Over a Half of Game Developers Support Unionization
This is driven by several factors including low pay, excessive work hours, and workplace discrimination.
Labor organization UNI Global Union released a new report providing the results of a survey, according to which, over a half of game developers claim they are underpaid.
The majority of respondents expressed their interest in unionization citing low pay as one of the major factors that drive this desire – 66% of interviewed developers noted that they have this problem at their companies. Among developers in Europe, this rate is even higher – it reaches 77%.
Developers also named some other thorny issues related to their workplace including excessive work hours (43%), inadequate benefits (43%), and workplace discrimination and/or sexual harassment (35%).
UNI Global Union reports that underpayment has especially become a significant issue at mobile studios and localization firms – 73% of developers at mobile firms and 94% of workers at localization companies identified low pay as an issue.
Although only 35% of the interviewed developers noted that discrimination and/or harassment was an issue, among female and non-binary respondents this rank is much higher. Almost half (46%) of female developers and 43% of non-binary developers said that their workplace has a gender discrimination problem. And at AAA companies, this percentage is higher – more than half of women (59%) and nearly half of the non-binary developers (47%) said that gender discrimination is a problem in their workplaces.
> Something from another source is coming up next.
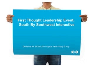 The document outlines the importance of participating in the South by Southwest (SXSW) Interactive festival, emphasizing opportunities for thought leadership and networking among creative professionals. It suggests submitting engaging panel topics, innovative ideas, and social experiments to increase visibility and foster strategic partnerships. Additionally, it highlights the necessity of sharing content across social platforms to enhance personal and organizational profiles, using examples like Zappos to illustrate effective content marketing strategies.
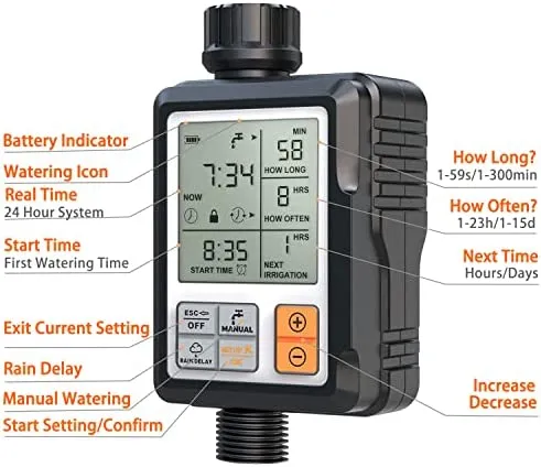 CROSOFMI Sprinkler-Timer bietet einfache Installation, flexible Programmierung und automatische Bewässerung, einfach zu bedienen, einfach einzustellen. Sie können einfach die aktuelle Uhrzeit, Startzeit, Bewässerungsdauer, Bewässerungshäufigkeit, Regenverzögerung und manuelle Bewässerung nach Ihren Bedürfnissen im Grossen und Ganzen einstellen Wähltasten (Manuelle Bewässerungsdauer: 1-99 Min.). Das grosse Display ist gut lesbar und erleichtert die Bewässerungseinstellung.

Only 17% of respondents stated that they came across racial discrimination at their workplace, however, non-white participants were more likely to do so with 28% claiming this as an issue.
These and other issues have apparently driven the developers' interest in unionization with 79% of respondents expressing support or strong support for unionizing their workplace. 15% of developers stated that they neither support nor oppose the unionization and only 6% stated that they are against it.